Study Characteristics -
Population:
68 patients, over 60 years of age, with a femoral shaft fracture, were included. Eligible patients had a unilateral, traumatic, closed fracture with complete displacement at the fracture site, with no or simple comminution (AO/OTA 32.A or 32.B fracture patterns), that underwent surgical treatment within 7 days of the injury. Open fractures, bilateral fractures, and/or pathological fractures were excluded.
Intervention:
IMN+device group: Patients underwent closed reduction and antegrade intramedullary nail fixation with the assistance of the fracture reduction and guidewire-aiming device. The fracture reduction device consists of 2 adjustable bone clamps (each with 2 independent tong arms that lock to each other once passed around the femoral shaft), 2 connectors and a long bar. Each clamp is placed percutaneously through a small lateral incision, with one clamp proximal and the other distal to the fracture site. The clamps are then linked to a long bar using connectors, which allow traction to be applied and alignment to be corrected in multiple planes. The guidewire-aiming device consists of a column, calibrated tube, slider and short sleeve. The column and slider are connected to the proximal bone clamp, which is subsequently connected to a calibrated bar and short sleeve. The calibrated bar and sleeve can be passed through and incision just proximal to the greater trochanter, and adjusted to have the sleeve coincide with the correct start point relative to the tip of the greater trochanter. This can then be locked into place to facilitate the starting guidewire placement. (n=34, 34 completed follow-up; Mean age: 37.32 +/- 8.40; 23M/11F)
Comparison:
Control group: Patients underwent closed reduction and antegrade intramedullary nail internal fixation without the novel fracture reduction and guide-wire aiming device. (n=34, 34 completed follow-up; Mean age: 35.12 +/- 9.34; 20M/14F)
Outcomes:
Outcomes included operative time, operative blood loss, the frequency of guidewire drilling, the number of cases requiring open reduction, and hospital stay duration. The incidence of adverse events was also documented.
Methods:
RCT
Time:
Clinical and radiological outcomes were followed-up at 1 day, and 1, 3, 6, 9, and 12 months postoperatively.

What were the important findings?

  • Significantly shorter operative time was reported in the IMN+device group compared to the control group (72.71 +/- 6.83 minutes vs. 81.47 +/- 6.11 minutes; p<0.01)
  • Significantly lower frequency of starting guide-wire drilling was reported in the IMN+device group compared to the control group (1 vs. 3; p<0.001)
  • Significantly lower number of open reduction cases were reported in the IMN+device group compared to the control group (0 vs. 4; p=0.042)
  • No significant differences between IMN+device and control groups were reported for operative blood loss (102.65 +/- 16.75 mL vs. 109.21 +/- 17.81 mL, respectively; p=0.123) or duration of hospital stay (6.32 +/- 1.37 days vs. 6.41 +/- 1.4 days; p=0.794)

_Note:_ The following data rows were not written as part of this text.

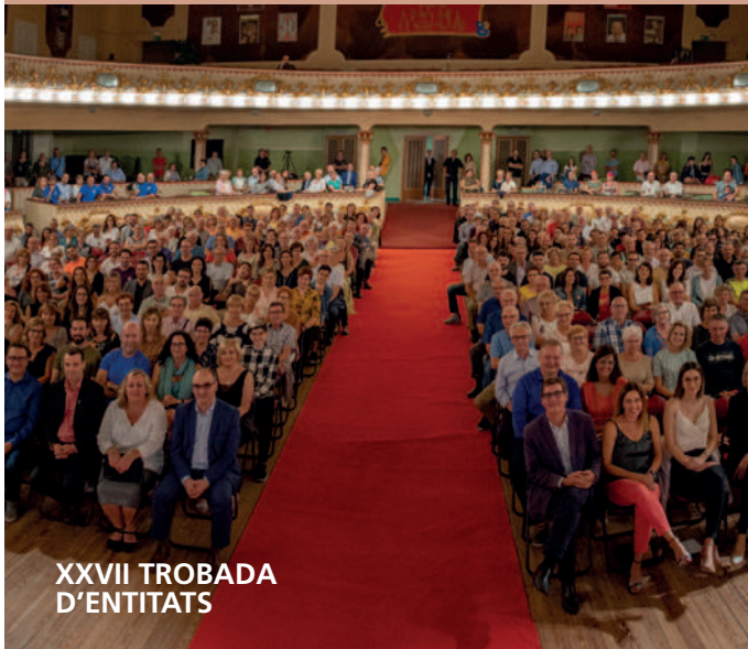
XXVII TROBADA D'ENTITATS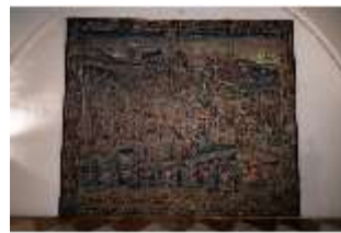
ND.II, Replik Wandteppich, Große Dürnitz, Westflügel, EG, DI027438, BSV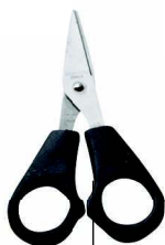
Ножницы для бумаги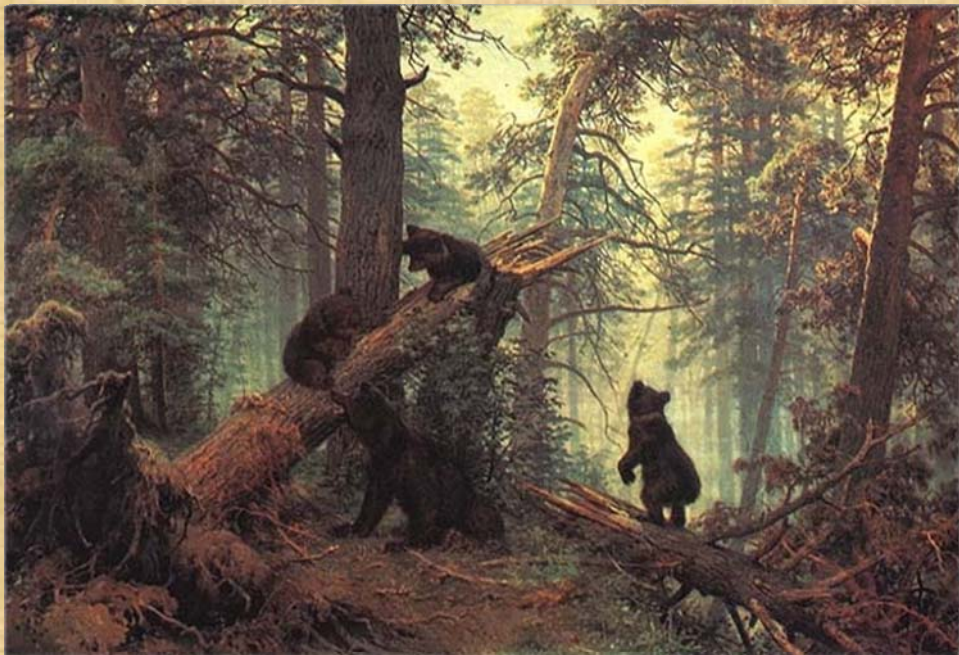
Утро в сосновом лесу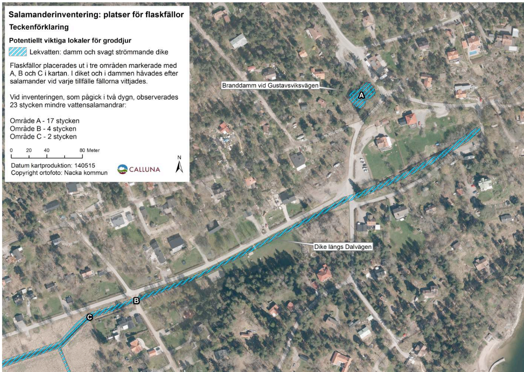
Karta 3. Kartan visar de tre områden (A-C) där flaskfällor fanns utplacerade och där det hävdades vid flaskinventeringen efter salamander.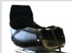
Back support Réhausseur de dossier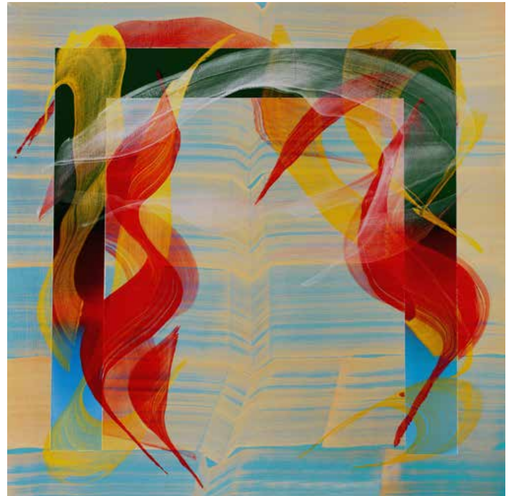
Sin título, 2022 Acrílico sobre lienzo 100 x 100 cm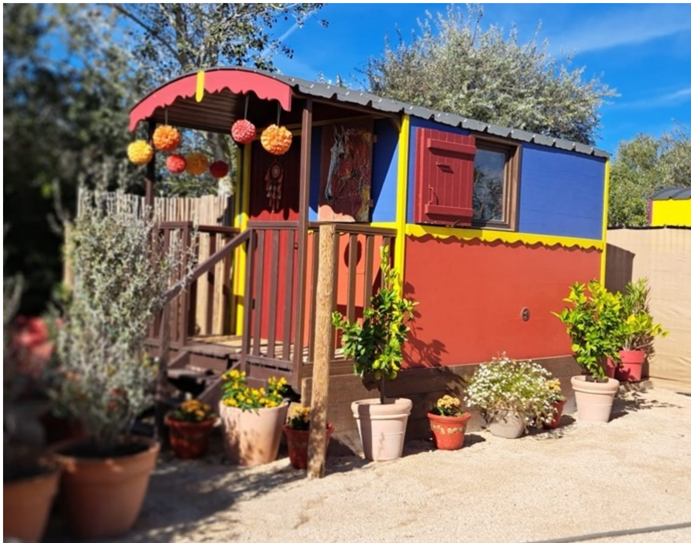
Une des roulottes où on peut passer la nuit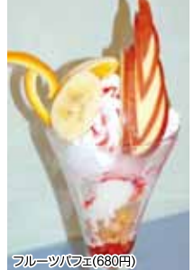
フルーツパフェ(680円)

長崎屋中央店内で永年愛されてきたぱーらーあるぼると。今年2月に待望の移転オープンパフェは4種類とオスレにまさか迷子やっつたでマスタワーのオスレをいただきました！フルーツパフェバナバナチョコパフェを紹介しよう、パナライスをたっぷり生クリームと綺麗にカットされたリンゴやオレンジなどのフルーツは相性バツグン！フルーツパフェはヘルシー度が高いからカロリーが気になる女子にも嬉しいですよ☆みんな大好きバナナチョコパフェは、もちろんフレッシュバナナとパナライスを中心に、生クリームとパナライスをたっぷりフルーツがたっぷり！他にも抹茶系パフェとプリンパフェがある。全種類制覇してやること間違いなし！全てもご用意！ランチの後でも余裕でイケます！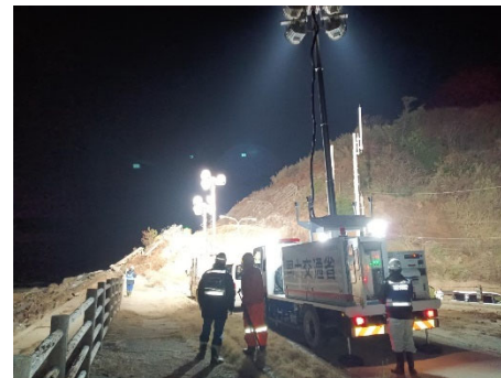
輪島市における照明車支援【照明支援班】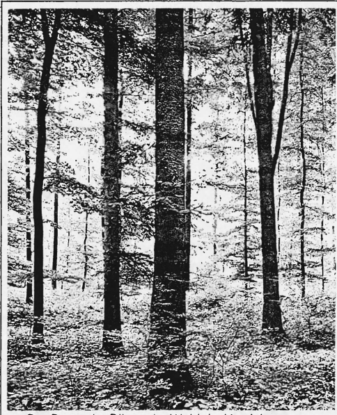
Der Baum der Bäume im Wald der Versicherungen.

Sind Sie sicher, dass Ihre Kollektiv-Krankenversicherung Ihrem Unternehmen oder Ihrem Berufsverband das Beste für Ihr Geld bietet? Vergleichen Sie!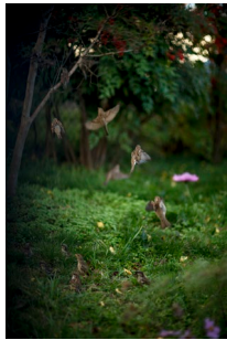
Terri Weifenbach “Des Oiseaux Series 01677, 2015”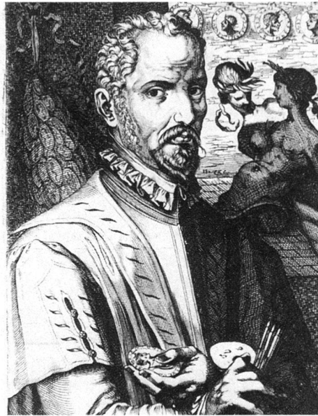
Abb. 3: Porträt des Hubertus Goltzius, Kupferstich von Philips Galle (?), 1579.

wichtigstes Werk ist das 1557 zum erstenmal erschienene «Vivae omnium fere imperatorum imagines» des Hubertus Goltzius (1526–1583) (Abb. 3) zu erwähnen. Weitere Ausgaben wurden 1557 in Deutsch, Italienisch und Französisch,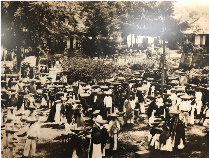
Figura 6. Plaza del Jardín Principal, años 1880-1890. (Casa de la Cultura de Concepción de Buenos Aires "Luis Ochoa Hermosillo").

What should I remember most?

In the treatment of femoral shaft fractures, intramedullary nail fixation with the assistance of a fracture reduction and guidewire-aiming device reported significantly improved operative time, the frequency of starting guide-wire drilling, and the number of cases requiring open reduction, in this small, single centre study. However, operative blood loss and duration of hospital stay were similar between groups.

How will this affect the care of my patients?

The results of this study suggest that the use of the novel fracture reduction and guidewire-aiming device to supplement intramedullary nail fixation may be effective in improving operative efficiency compared to intramedullary nail fixation alone. Further research with larger sample sizes and a stricter adherence to protocol is required for higher-quality evidence. Additionally, a multicenter study and an economic evaluation would provide important information with respect to learning curves, generalizability, and cost effectiveness of this novel device.